Common Axis II disorders include personality disorders: paranoid personality disorder, schizoid personality disorder, schizotypal personality disorder, borderline personality disorder, antisocial personality disorder, narcissistic personality disorder, histrionic personality disorder, avoidant personality disorder, dependent personality disorder, obsessive-compulsive personality disorder; and intellectual disabilities.

The takeaway from this point is that if an abuser has any of the above disorders, he or she has the same chance of being cured as someone who is mentally retarded: in short, no chance at all.  This person cannot be "rehabilitated".  Some would argue that depending on the disorder, the person lacks the emotional tools to feel genuine remorse about the event. 

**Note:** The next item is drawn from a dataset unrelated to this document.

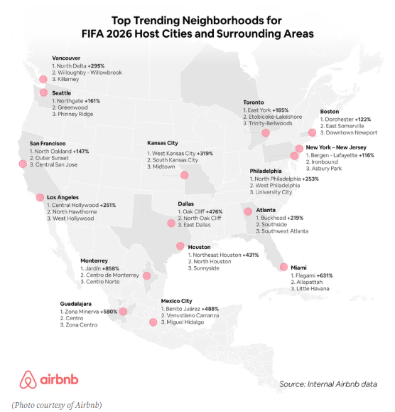 Airbnb booking data shows Dorchester as the fastest growing neighborhood in the Boston area for FIFA World Cup 2026 stays, with reservations for the June 11 through July 19 tournament window jumping 122% year over year.

In plainer English: virtually all abusers have at least one of these personality disorders, often more than one.  If so, that abuser will continue to abuse, and many of the systems designed to prevent this actually further enable an abuser to continue to victimize, because they teach him/her how to game the system.  The abuser learns how to "talk the talk" of someone who has seen the light, so to speak, and in so doing, he or she is better able to convince a former partner to return to the relationship.  The trouble will start soon enough once the partner returns, and often, in an escalated fashion.

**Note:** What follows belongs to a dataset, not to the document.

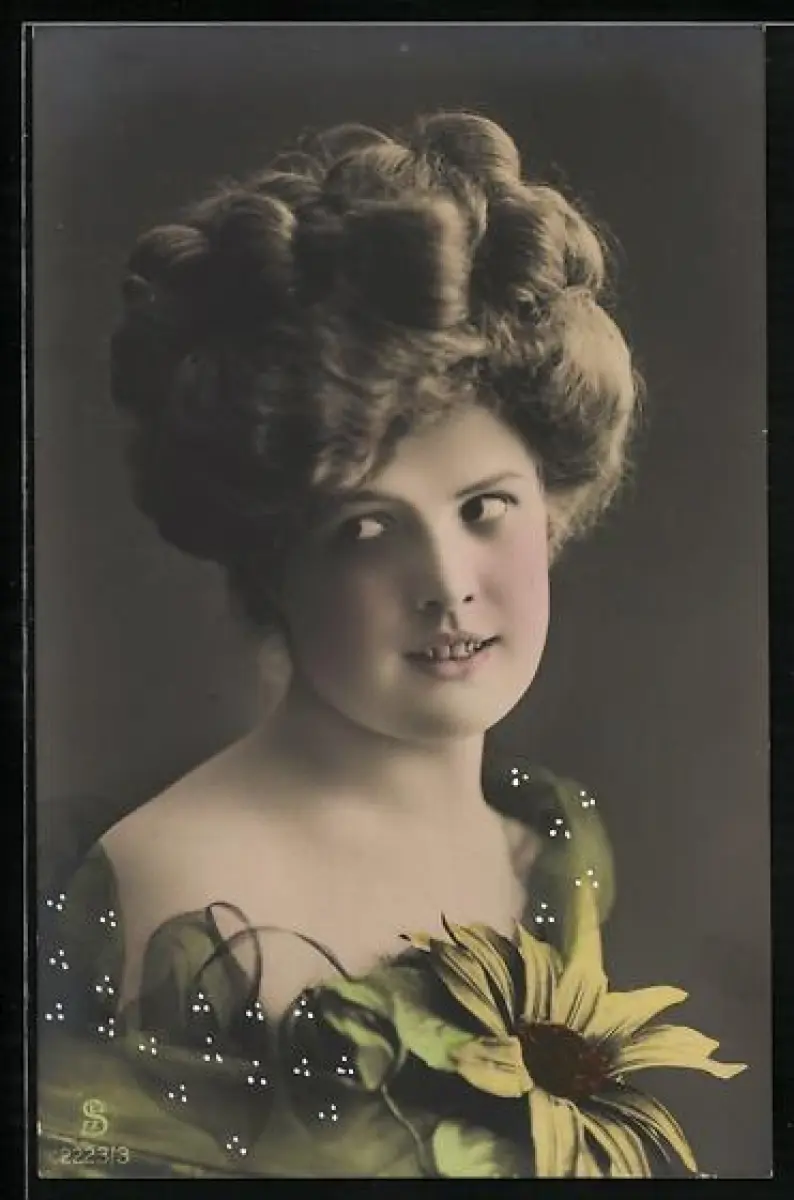 Foto-AK L.J. & F.F. Nr. 2223/3: Fräulein mit Sonnenblume

Very, very few victim programs, and fewer batterer programs, recognize this pattern, unfortunately.  The general populace is left to wonder, then, how someone like Rihanna could allow herself to be re-associated with the man who beat the living hell out of her.   Billboard recently decried, publicly, the possibility that they are working together, let alone sleeping together.   In an open letter that's getting all sorts of commentary, pro and con, Billboard basically asked Rihanna to tell Chris Brown to fuck off, if not to save herself, then to set a positive example for her fans.  Another Billboard column told Chris Brown to grow the hell up and stop throwing tantrums, conveniently ignoring the fact that these tantrums are really indicative of a larger personality disorder that also allowed him to beat up his lover--and further proof that he hasn't changed his stripes, and possibly cannot.

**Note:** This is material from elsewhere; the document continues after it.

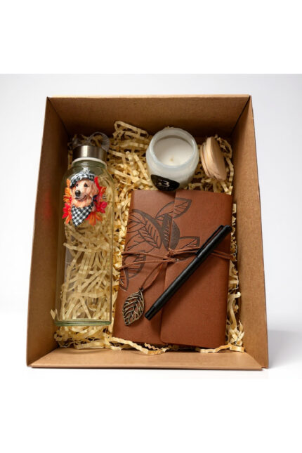 Deri Kaplı Defter, Cam Matara ve Kokulu Mumlu Özel Hediye Kutusu

I could write a whole separate post on the Billboard open letters.  On the one hand, it's exceptionally hard to watch someone fall back into the hands of someone who has abused her, and I think the Billboard writers probably meant well.   On the other hand, I have a real problem when the media steps forward to insist that they (best) know how someone should live his or her life.   It's not Rihanna's job to make everyone feel comfortable with the whole event and even though she's a public figure, she doesn't owe anyone anything on who she decides to date.  It's also incredibly overreaching of them to figure they have a stake in any of this, much less to send her an open chastisement of her choices.  I'd rather have seen them ask Rihanna to be careful, and tell Chris Brown to fuck off themselves..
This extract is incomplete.